Menurut dia, TNI pun bisa menangkap untuk membantu instansi Polri.
"TNI menganggap bahwa orang yang menggunakan atribut-atribut seperti PKI, lambang palu-arit, dianggapnya tertangkap tangan. Oleh karena itu, siapa saja yang menangkap tangan boleh melakukan penangkapan," ujar Badrodin di Mabes Polri, Jakarta, Senin (16/5/2016).
Sementara penanganan hukumnya tetap dilakukan oleh Polri. Jadi, setelah TNI menangkap, maka akan diserahkan kepada Polri untuk ditindaklanjuti.
Sementara untuk kegiatan sweeping tetap dilakukan oleh Polri.
"Sweeping bukan tertangkap tangan," kata Badrodin.
Dalam kesempatan yang sama Panglima TNI Jenderal Gatot Nurmantyo mengatakan, TNI hanya menjalankan undang-undang yang ada.
Siapa pun yang melihat adanya pelanggaran, bahkan masyarakat pun, wajib bertindak.
"Tapi prosesnya adalah berpulang lagi pada Polri. Kami tangkap, kami serahkan ke Polri untuk diproses hukum karena melanggar hukum," kata Gatot.
Sebelumnya, Direktur Lembaga Bantuan Hukum (LBH) Jakarta Alghiffari Aqsa mengatakan bahwa tidak ada dasar hukum yang melandasi penangkapan orang-orang yang memakai atau menyimpan kaus berlogo palu arit.
Dia menilai, penggeledahan dan penyitaan yang dilakukan oleh aparat telah menyalahi peraturan perundang-undangan.

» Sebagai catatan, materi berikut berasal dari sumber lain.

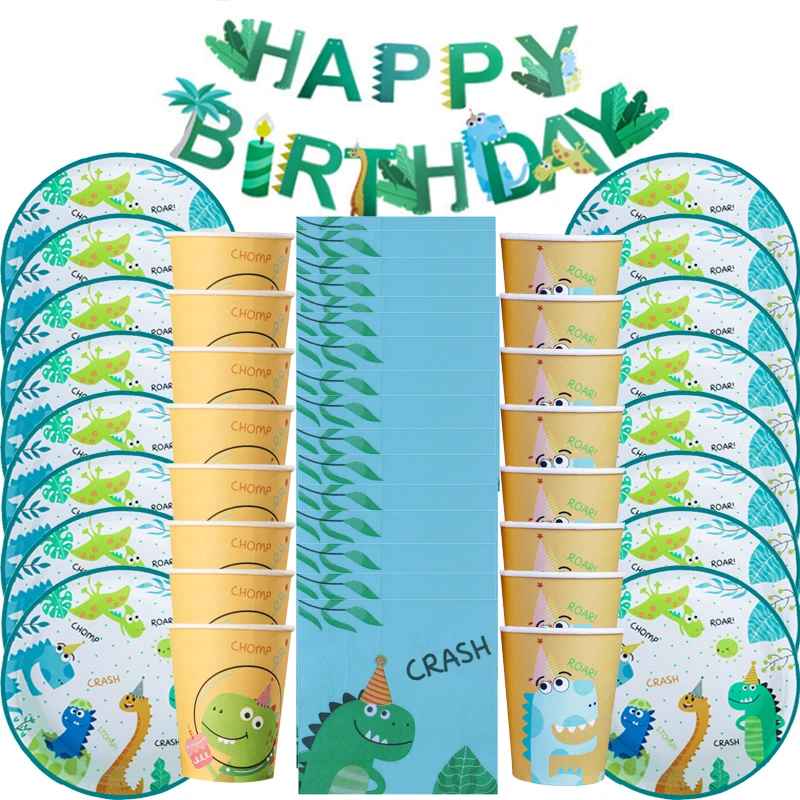Динозавр тема вечерние динозавр набор одноразовой посуды Воздушные шары День рождения детей, мальчика вечерние украшения джунгли вечерние детей Ванна пользу
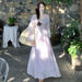 LBSFY -Elegant French Romantic Ruffles Chiffon Purple Women's Dresses Square-Collar Slim Waist Long Sleeves korean Dress Vacation New
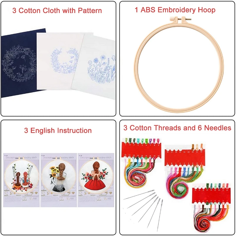 1 шт. 20 см/8 дюймов пластиковый обруч для вышивки 1 шт. хлопковая ткань для вышивки с рисунком 1 Набор нитей для вышивки 2 шт. иглы для вышивки 1 шт. инструкции на английском языке
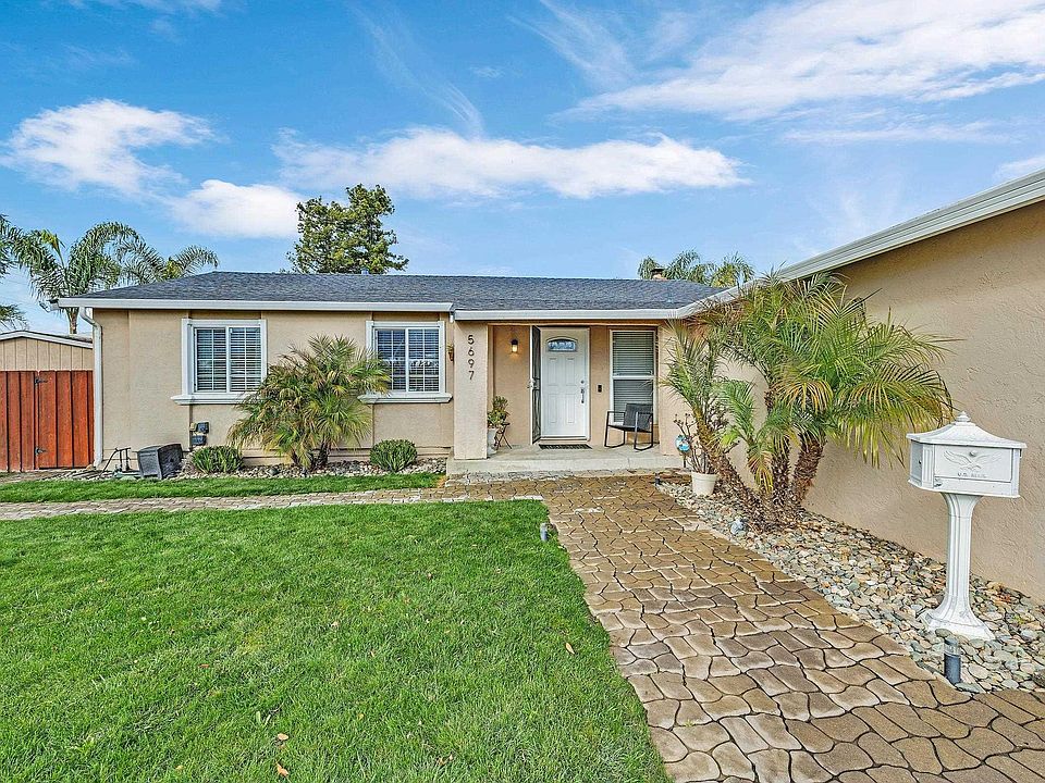 Single-story and stay-cation living at its best in Livermore on a large, corner lot. Remodeled kitchen with new in-island Kitchenaid gas range, granite countertops, stainless steel sink and faucet, subway tile backsplash, and new electrical run for cabinet underlighting that was added. Refrigerator, washer, and dryer are included in the sale. Backyard boasts an inground pool, above ground hot-tub with cover and steps, waterfall, large gazebo over artificial turf, raised garden bed, spacious custom-built shed with windows and skylights that match the home- providing a lot of additional storage, bonus space for hobbies, etc. 3/2 home has updated bathrooms and an extra large closet with built-ins in the primary bedroom. Living room has a wood burning fireplace with custom stone facade. Dual pane windows with blinds and updated paint throughout most of the home. Nest thermostat and ring doorbell included. Abundance of storage cabinets in the garage all stay. New smart garage door opener with ability to open and close remotely. Water heater was recently replaced. Accessible attic space with room for storage and pull down step ladder.
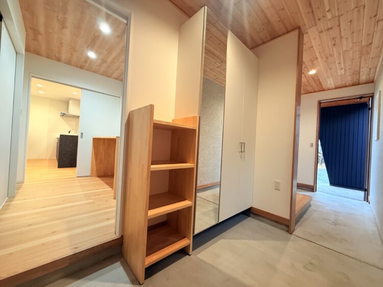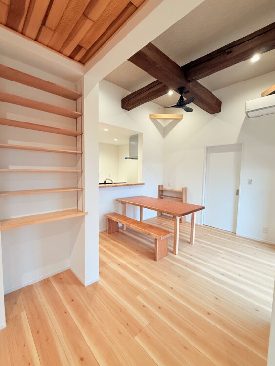 お客様のご先祖様が大正時代に建てられ、新築に伴い解体した建物の材料を化粧梁に使わせていただきました。
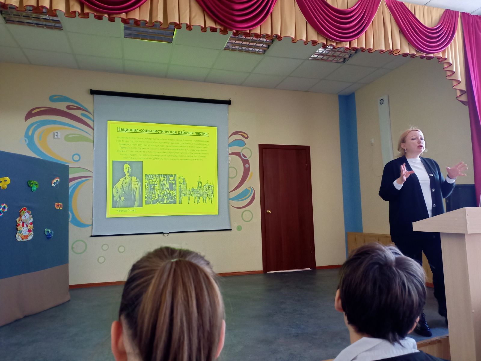 В рамках дня снятия блокады Ленинграда, администрация центра "Форпост" сегодня в нашей школе провела лекцию сопровождением презентации и показом фильмов.
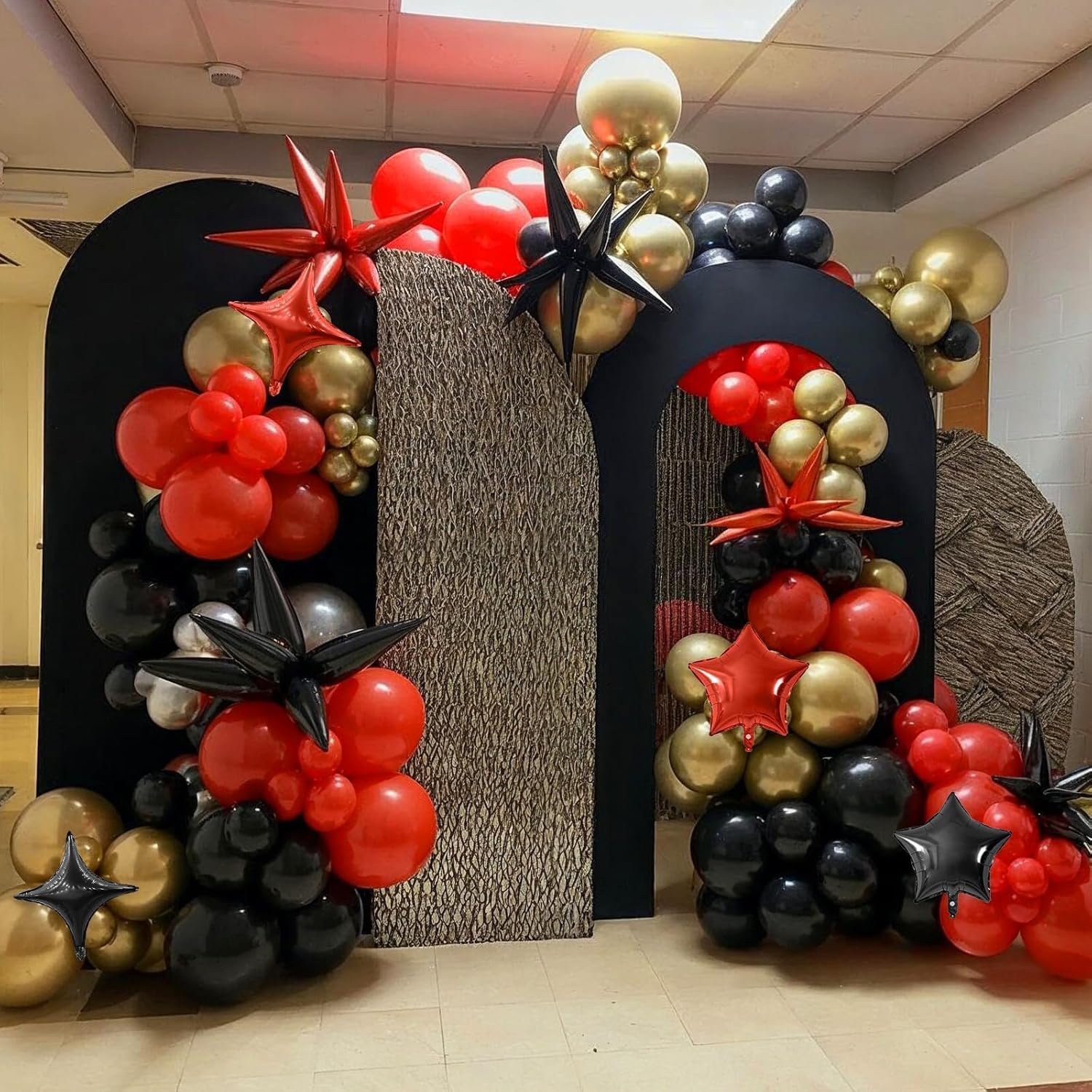 - Package: This set includes 6pcs 22inch explosion star foil balloons(red*3, black*3), 4pcs 10inch star foil balloons(red*2, black*2), 6pcs 10inch four angle star balloons(red*3, black*3), and a ribbon. Perfect for creating a dazzling party atmosphere.
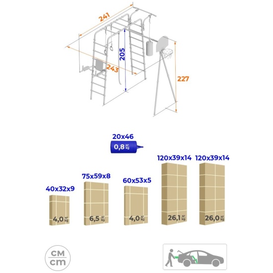 Толщина металла стоек: 1,5 ммТолщина металла качельной балки: 3,0 ммСтрана происхождения: РоссияСпособ установки: цементируются «стаканы»Материал: металлВысота: 2,27 мЗанимаемая площадь: 2,44 х 2,38 мДиаметр трубы: 42 ммДиаметр ступени: 26 ммШирина ступени: 0,49 мШаг ступени: 0,262 мДопустимая нагрузка на навесное оборудование: 50 кгКомплектация: турник, баскетбольный щит, перекладина, брусья, кольца с перекладиной, груша боксерская, качели цепныеДопустимая нагрузка: 100 кгВозрастная категория: 3+Вес комплекса: 67,1 кгУпаковка: картонная коробкаДопустимая нагрузка на турник: 100 кг

(Baca: LBH Jakarta: Tidak Ada Dasar Hukum Penangkapan Orang Pakai Kaus Palu Arit)
Sedangkan Sekretaris Kabinet Pramono Anung meminta Kapolri Jenderal Badrodin Haiti dan Panglima TNI Jenderal Gatot Nurmantyo agar bawahannya mempertimbangkan prinsip kebebasan berpendapat soal penindakan hal berbau komunisme.
Menurut Pramono, Presiden Joko Widodo juga memerintahkan Kapolri dan Panglima TNI untuk memantau penuh cara bertindak jajaran di bawah yang menindak hal-hal berbau komunisme.